Material for this task |
Start of Block

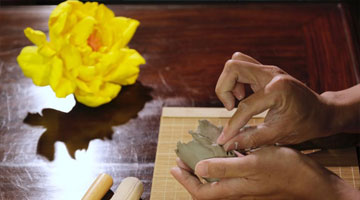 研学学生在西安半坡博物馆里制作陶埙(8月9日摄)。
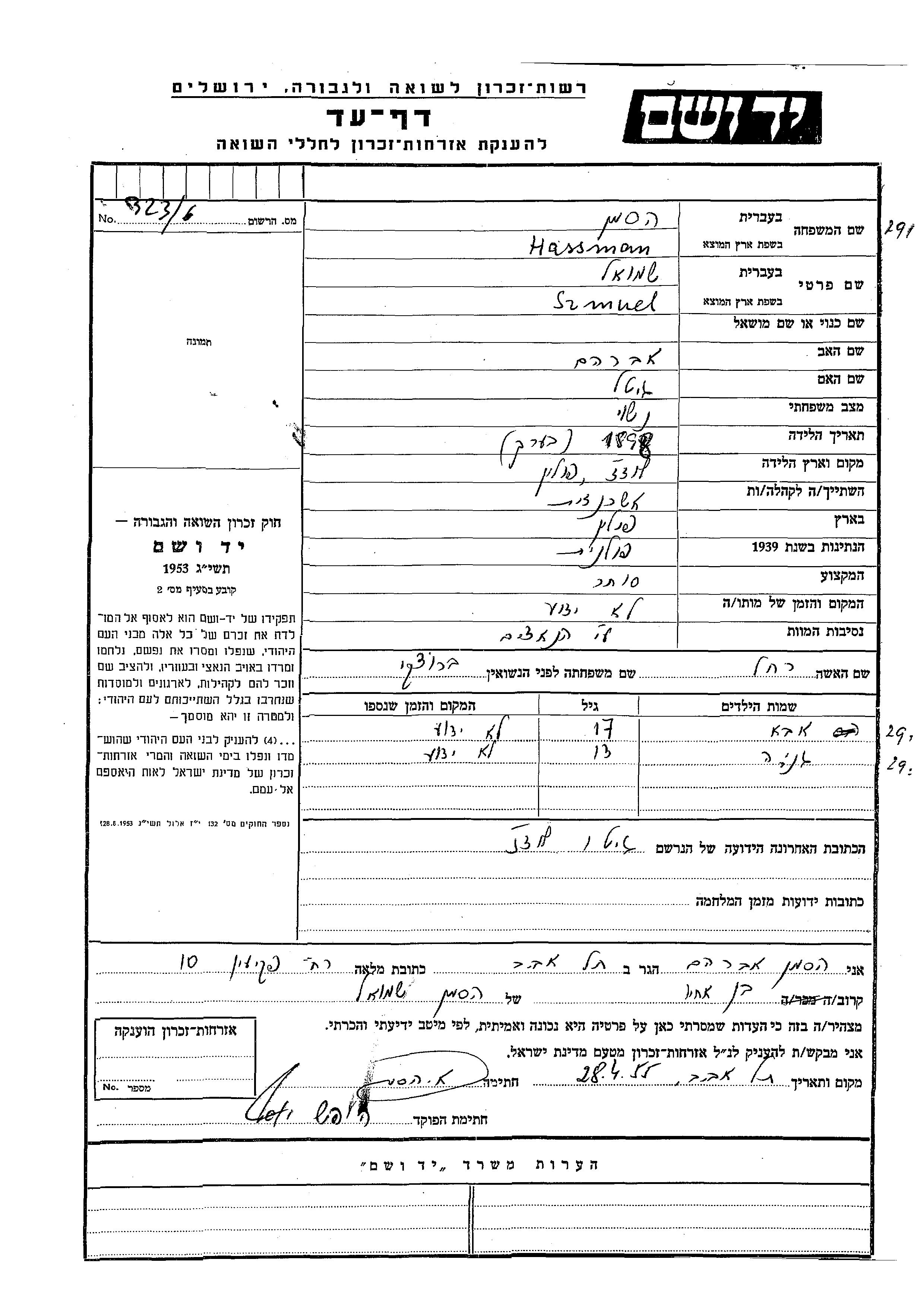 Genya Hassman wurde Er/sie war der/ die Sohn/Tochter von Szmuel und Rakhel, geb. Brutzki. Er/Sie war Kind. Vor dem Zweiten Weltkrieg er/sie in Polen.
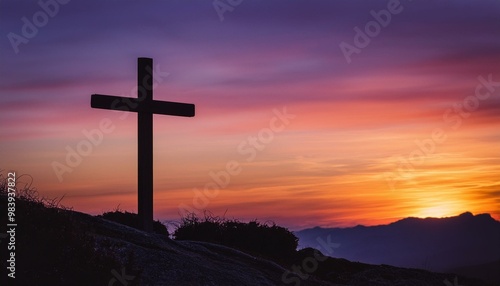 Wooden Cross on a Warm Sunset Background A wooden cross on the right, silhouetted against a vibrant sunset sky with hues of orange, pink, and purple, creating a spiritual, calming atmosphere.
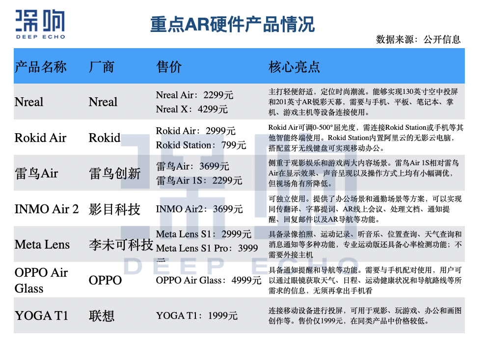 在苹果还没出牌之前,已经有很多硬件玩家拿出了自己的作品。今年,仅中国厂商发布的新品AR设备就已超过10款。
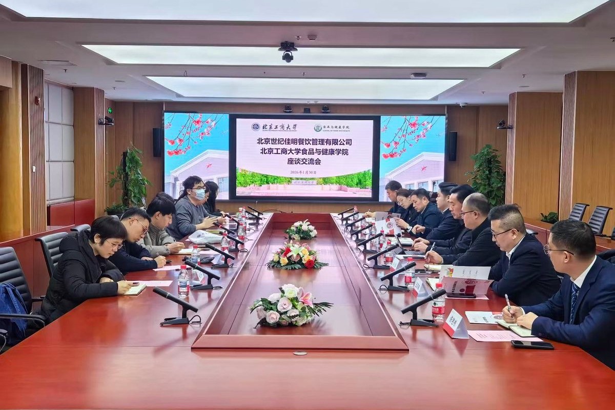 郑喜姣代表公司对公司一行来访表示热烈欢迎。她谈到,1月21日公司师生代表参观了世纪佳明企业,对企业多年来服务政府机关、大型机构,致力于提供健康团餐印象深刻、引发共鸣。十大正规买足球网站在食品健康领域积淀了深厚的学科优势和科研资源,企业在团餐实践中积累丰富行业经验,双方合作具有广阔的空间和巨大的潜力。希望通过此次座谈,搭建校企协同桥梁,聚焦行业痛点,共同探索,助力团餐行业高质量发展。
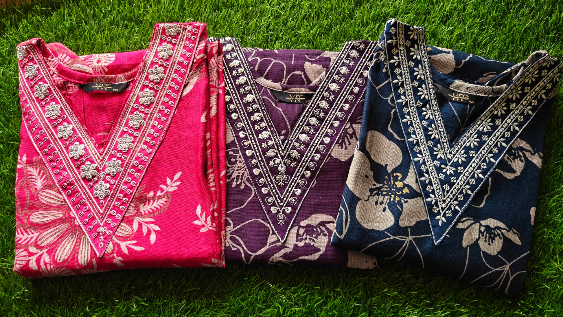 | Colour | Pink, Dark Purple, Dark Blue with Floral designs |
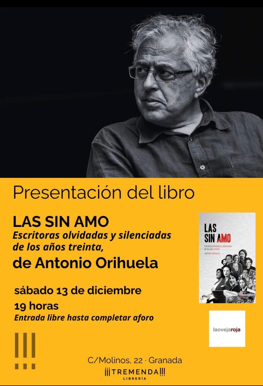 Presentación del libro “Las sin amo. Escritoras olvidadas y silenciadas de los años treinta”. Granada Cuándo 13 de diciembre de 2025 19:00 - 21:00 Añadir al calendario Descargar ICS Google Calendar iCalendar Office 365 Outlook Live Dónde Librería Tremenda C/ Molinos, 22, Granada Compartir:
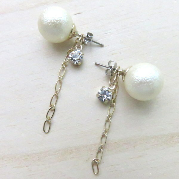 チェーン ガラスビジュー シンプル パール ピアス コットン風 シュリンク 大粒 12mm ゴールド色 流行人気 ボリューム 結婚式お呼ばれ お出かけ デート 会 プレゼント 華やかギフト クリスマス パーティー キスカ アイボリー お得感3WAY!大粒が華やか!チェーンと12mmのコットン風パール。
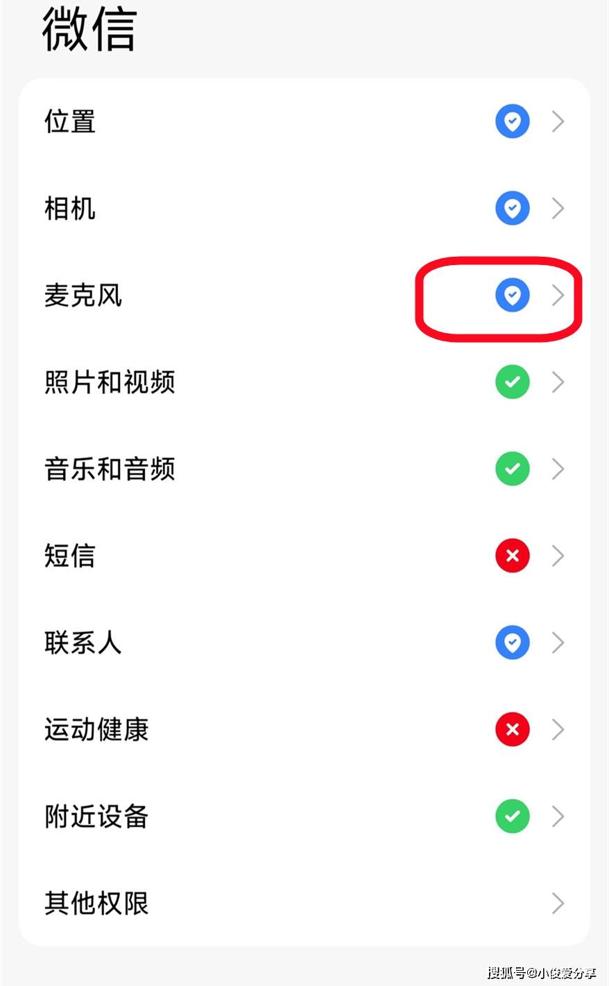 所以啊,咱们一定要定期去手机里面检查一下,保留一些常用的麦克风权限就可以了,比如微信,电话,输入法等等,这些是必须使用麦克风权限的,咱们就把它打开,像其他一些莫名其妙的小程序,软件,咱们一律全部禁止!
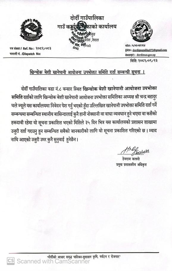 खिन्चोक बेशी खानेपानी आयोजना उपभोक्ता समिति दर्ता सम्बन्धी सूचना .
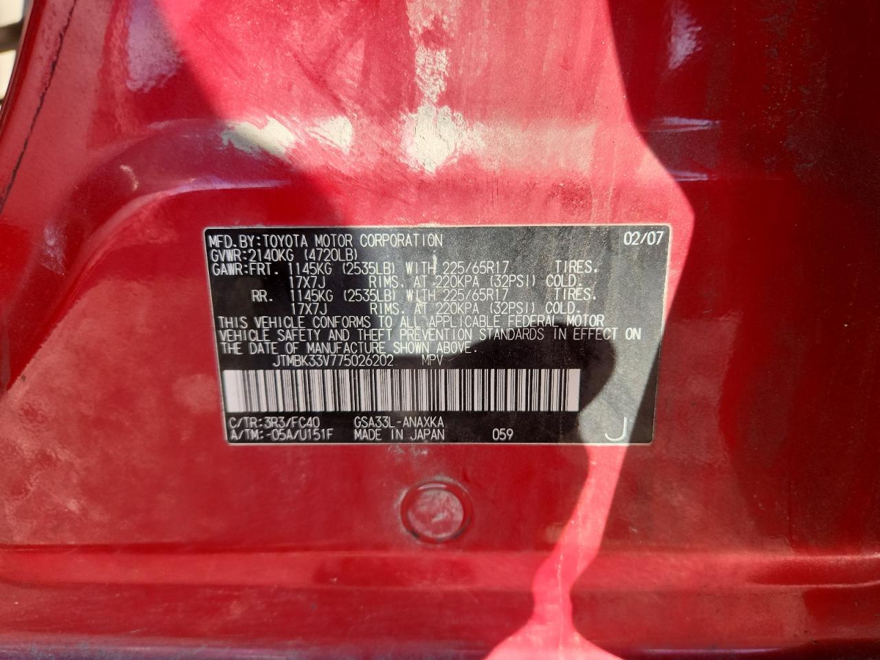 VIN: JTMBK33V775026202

End of Block
Start of Block

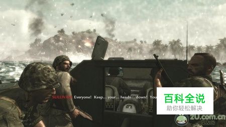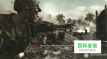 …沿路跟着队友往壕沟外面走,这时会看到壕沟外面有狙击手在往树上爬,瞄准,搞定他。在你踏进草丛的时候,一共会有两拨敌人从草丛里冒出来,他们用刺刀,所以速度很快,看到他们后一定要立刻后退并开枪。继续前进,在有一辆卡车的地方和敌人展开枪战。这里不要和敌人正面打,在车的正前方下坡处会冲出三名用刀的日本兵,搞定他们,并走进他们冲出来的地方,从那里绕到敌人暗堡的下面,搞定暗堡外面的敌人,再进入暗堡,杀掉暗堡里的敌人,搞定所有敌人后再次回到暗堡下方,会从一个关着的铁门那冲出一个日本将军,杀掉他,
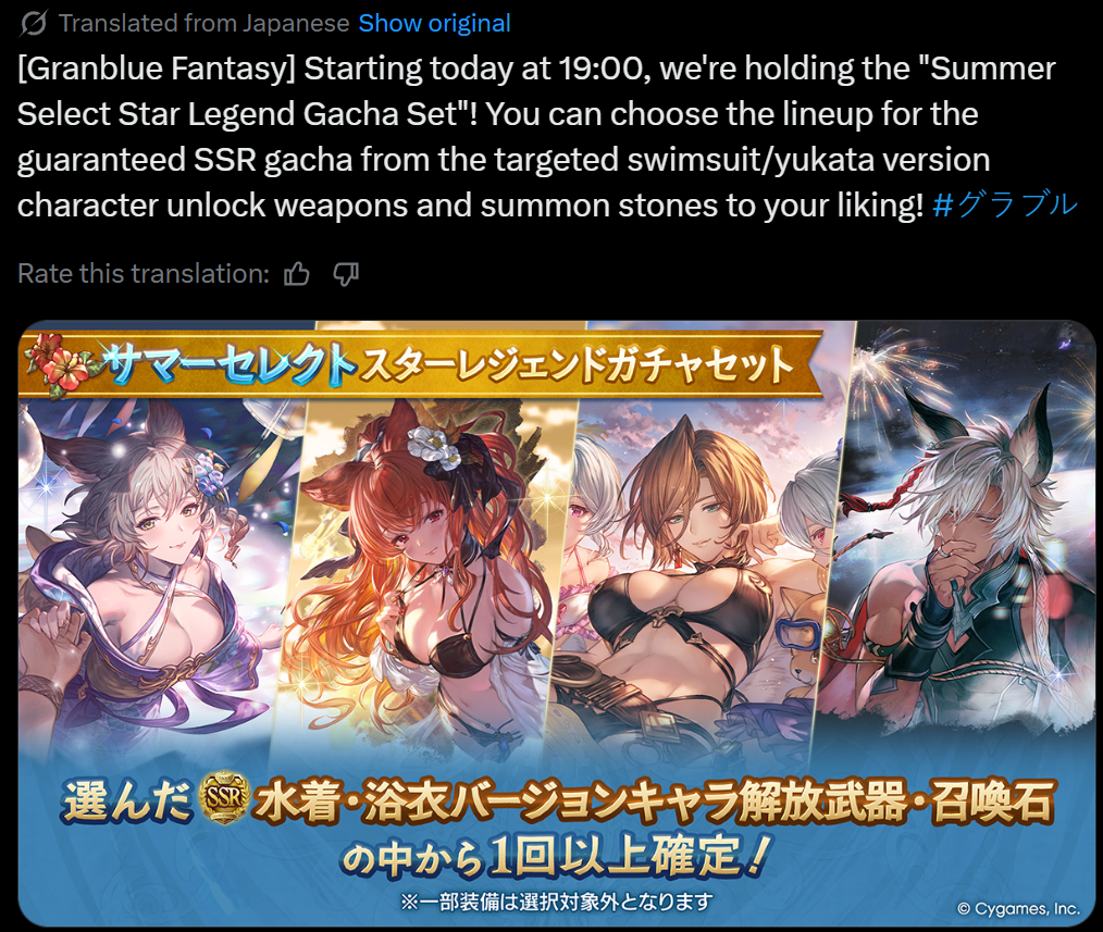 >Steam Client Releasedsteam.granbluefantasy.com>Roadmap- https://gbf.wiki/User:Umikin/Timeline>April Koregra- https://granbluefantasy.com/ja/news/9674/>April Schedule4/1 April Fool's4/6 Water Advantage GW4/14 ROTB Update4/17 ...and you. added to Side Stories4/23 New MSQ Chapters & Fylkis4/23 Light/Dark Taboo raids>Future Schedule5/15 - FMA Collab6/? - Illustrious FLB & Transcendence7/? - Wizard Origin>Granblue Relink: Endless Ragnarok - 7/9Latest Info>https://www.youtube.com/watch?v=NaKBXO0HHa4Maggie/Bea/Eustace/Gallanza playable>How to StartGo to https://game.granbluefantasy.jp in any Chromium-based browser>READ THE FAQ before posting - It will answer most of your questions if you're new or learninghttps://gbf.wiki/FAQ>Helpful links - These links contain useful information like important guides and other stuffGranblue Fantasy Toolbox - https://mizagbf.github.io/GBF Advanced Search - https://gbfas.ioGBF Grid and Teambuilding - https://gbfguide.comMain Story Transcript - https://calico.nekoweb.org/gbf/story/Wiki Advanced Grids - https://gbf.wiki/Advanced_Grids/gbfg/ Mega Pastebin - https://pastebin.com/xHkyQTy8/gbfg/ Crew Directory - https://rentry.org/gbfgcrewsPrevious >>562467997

End of Block

Task directions | Starting at the line containing "Floral designs |" and finishing at the line containing "VIN: JTMBK33V775026202", return those lines exactly as they appear above, without the pictures.

Solved problem |
 | Colour | Pink, Dark Purple, Dark Blue with Floral designs |
 Presentación del libro “Las sin amo. Escritoras olvidadas y silenciadas de los años treinta”. Granada Cuándo 13 de diciembre de 2025 19:00 - 21:00 Añadir al calendario Descargar ICS Google Calendar iCalendar Office 365 Outlook Live Dónde Librería Tremenda C/ Molinos, 22, Granada Compartir:
 チェーン ガラスビジュー シンプル パール ピアス コットン風 シュリンク 大粒 12mm ゴールド色 流行人気 ボリューム 結婚式お呼ばれ お出かけ デート 会 プレゼント 華やかギフト クリスマス パーティー キスカ アイボリー お得感3WAY!大粒が華やか!チェーンと12mmのコットン風パール。
 所以啊,咱们一定要定期去手机里面检查一下,保留一些常用的麦克风权限就可以了,比如微信,电话,输入法等等,这些是必须使用麦克风权限的,咱们就把它打开,像其他一些莫名其妙的小程序,软件,咱们一律全部禁止!
 खिन्चोक बेशी खानेपानी आयोजना उपभोक्ता समिति दर्ता सम्बन्धी सूचना .
 VIN: JTMBK33V775026202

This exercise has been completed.